Adafactor optimizer (memory-efficient variant of Adam).

Adafactor is designed to reduce memory usage during training large models by using factored second moment estimation. Instead of storing a full second moment matrix, it maintains row and column statistics, significantly reducing memory requirements especially for models with large embedding tables.

Parameters:
  • lr (float | LRScheduler | None) – Learning rate. Can be a float (converted to ConstantLR) or any LRScheduler instance. If None, uses adaptive learning rate based on step count and RMS of parameters.
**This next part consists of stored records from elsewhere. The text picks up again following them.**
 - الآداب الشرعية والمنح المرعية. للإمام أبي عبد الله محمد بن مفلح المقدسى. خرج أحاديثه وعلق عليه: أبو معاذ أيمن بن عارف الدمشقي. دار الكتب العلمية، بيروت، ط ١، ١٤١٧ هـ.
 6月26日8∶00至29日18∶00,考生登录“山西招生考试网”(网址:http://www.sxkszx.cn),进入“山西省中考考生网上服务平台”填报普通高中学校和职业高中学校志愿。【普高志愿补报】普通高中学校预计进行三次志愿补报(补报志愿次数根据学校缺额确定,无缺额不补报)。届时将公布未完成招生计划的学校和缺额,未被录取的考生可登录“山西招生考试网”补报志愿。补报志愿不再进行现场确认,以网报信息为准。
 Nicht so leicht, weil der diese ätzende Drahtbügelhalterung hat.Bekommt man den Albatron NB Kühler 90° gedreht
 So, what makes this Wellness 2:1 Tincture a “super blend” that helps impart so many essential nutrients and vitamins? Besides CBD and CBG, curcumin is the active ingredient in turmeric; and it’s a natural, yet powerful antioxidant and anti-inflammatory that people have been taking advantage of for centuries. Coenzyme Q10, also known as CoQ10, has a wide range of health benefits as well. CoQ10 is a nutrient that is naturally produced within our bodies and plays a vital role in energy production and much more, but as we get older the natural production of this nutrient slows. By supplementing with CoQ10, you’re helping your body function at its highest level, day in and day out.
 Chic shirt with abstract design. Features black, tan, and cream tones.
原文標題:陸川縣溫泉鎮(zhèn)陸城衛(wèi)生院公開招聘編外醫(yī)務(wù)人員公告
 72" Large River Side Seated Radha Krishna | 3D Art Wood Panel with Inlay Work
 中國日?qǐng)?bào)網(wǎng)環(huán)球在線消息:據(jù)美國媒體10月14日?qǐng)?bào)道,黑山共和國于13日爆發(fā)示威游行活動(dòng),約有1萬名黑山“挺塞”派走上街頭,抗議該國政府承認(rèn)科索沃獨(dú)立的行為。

  • eps (Tuple[float, float]) – Regularization constants for squared gradient and parameter scale (eps[0], eps[1]). The first value prevents division by zero, the second clips the parameter scale.

  • clip_threshold (float) – Threshold for gradient clipping by root mean square. Helps prevent gradient explosions.

  • decay_rate (float) – Controls the decay of the second moment estimate. Negative values result in polynomial decay: decay = 1 - (step + 1)^decay_rate.

  • beta1 (float | None) – Momentum parameter for first moment. If None, no momentum is used.

  • weight_decay (float) – Weight decay (L2 penalty) coefficient.

  • factored (bool) – Whether to use factored second moment estimation. When True, significantly reduces memory usage. Set to False to use full second moment (more memory).

  • grad_clip_norm (float | None) – Maximum norm for gradient clipping. If specified, gradients are clipped when their global norm exceeds this value.

  • grad_clip_value (float | None) – Maximum absolute value for gradient clipping. If specified, gradients are clipped element-wise to [-grad_clip_value, grad_clip_value].

Notes

Adafactor’s key innovation is factored second moment estimation. Instead of maintaining a full matrix \(V_t \in \mathbb{R}^{n \times m}\), it maintains row and column averages \(R_t \in \mathbb{R}^n\) and \(C_t \in \mathbb{R}^m\):

\[ \begin{align}\begin{aligned}R_t = \beta_2 R_{t-1} + (1 - \beta_2) \text{mean}(G_t^2, \text{axis}=1)\\C_t = \beta_2 C_{t-1} + (1 - \beta_2) \text{mean}(G_t^2, \text{axis}=0)\end{aligned}\end{align} \]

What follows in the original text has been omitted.